Retype the listing exactly; omit pictures.

## Data excerpt
═══
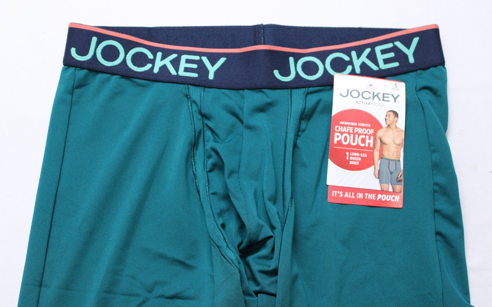 как выглядит Jockey Mens Chafe Proof Pouch 8.5" Long Leg Boxer DH3 Teal Green Small NWT фото
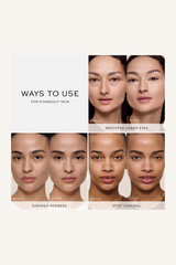 Resultatet er en hudplejende concealer, der dækker rødme, mørke rande og urenheder, lysner og løfter, visker porer væk og holder hele dagen. Kliniske tests viser endog, at den synligt forbedrer mørke rande i løbet af 4 ugers brug.
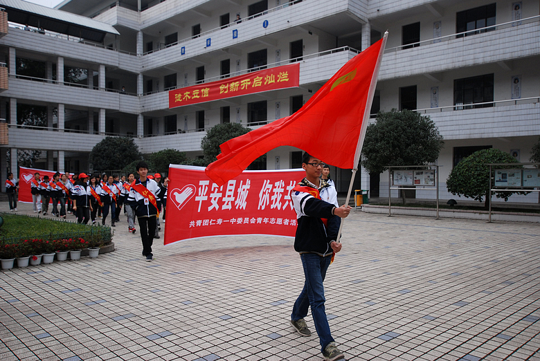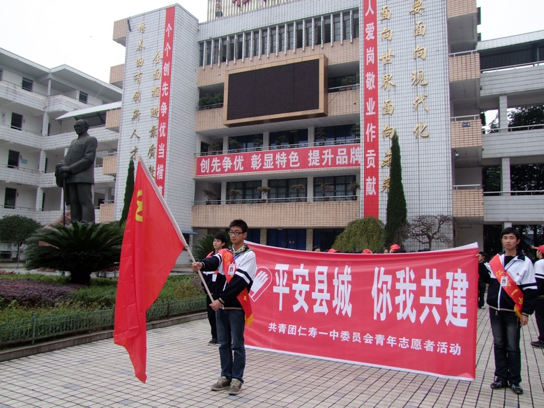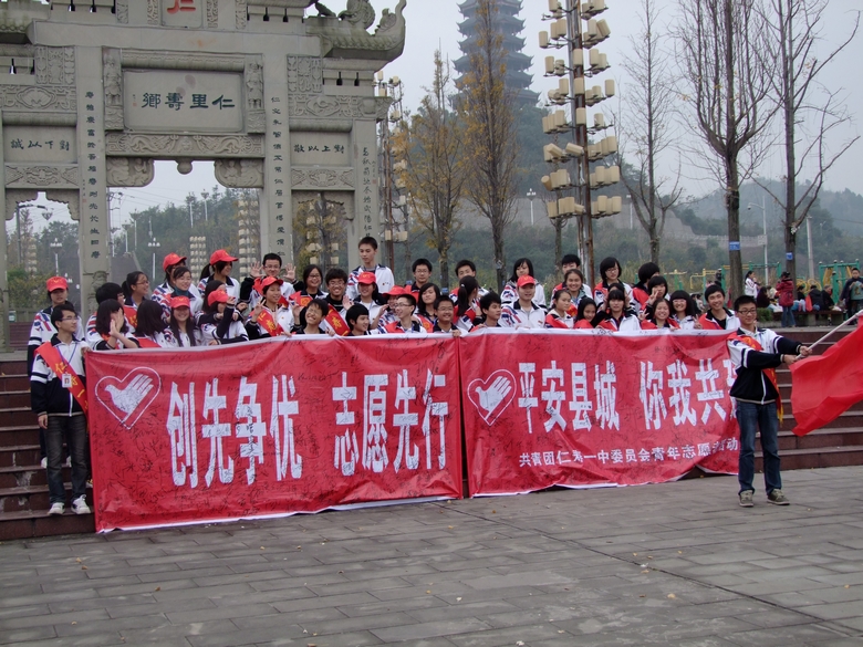 11月28日下午,由仁寿一中团委会、学生会成员组成的志愿者团体在天仁公园进行了近2个小时的公益宣传活动。
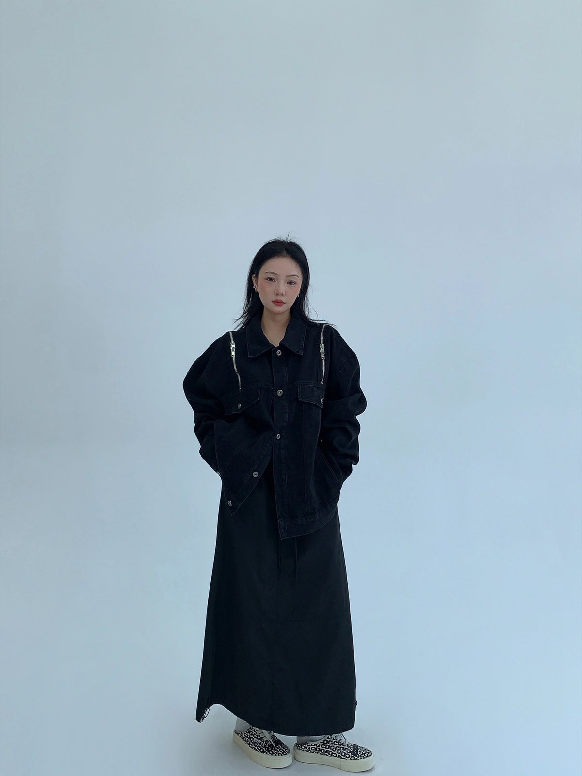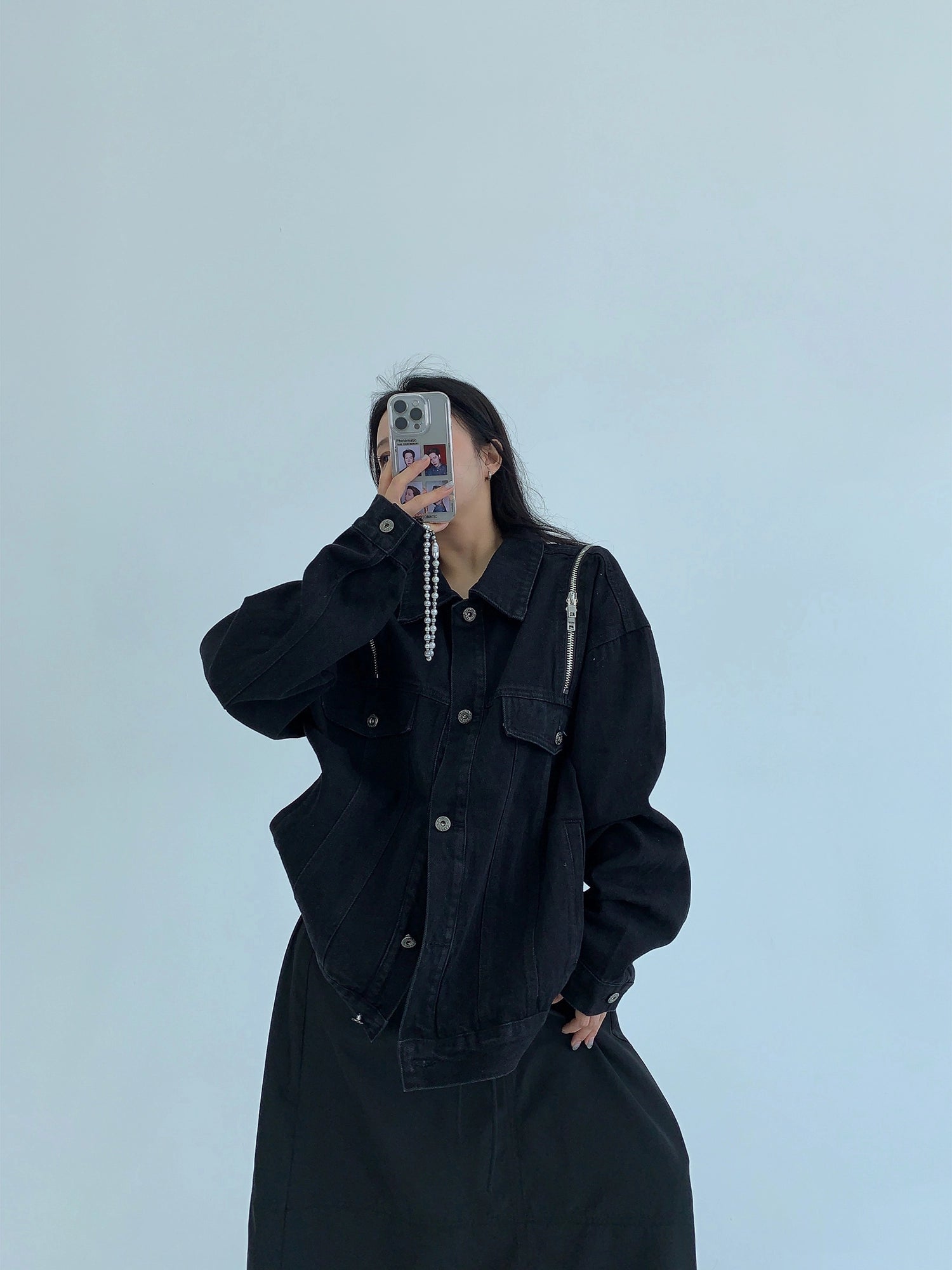 Giacca di jeans con zip oversize e tasche
═══
## Output below
 как выглядит Jockey Mens Chafe Proof Pouch 8.5" Long Leg Boxer DH3 Teal Green Small NWT фото
 Resultatet er en hudplejende concealer, der dækker rødme, mørke rande og urenheder, lysner og løfter, visker porer væk og holder hele dagen. Kliniske tests viser endog, at den synligt forbedrer mørke rande i løbet af 4 ugers brug.
 11月28日下午,由仁寿一中团委会、学生会成员组成的志愿者团体在天仁公园进行了近2个小时的公益宣传活动。
 Giacca di jeans con zip oversize e tasche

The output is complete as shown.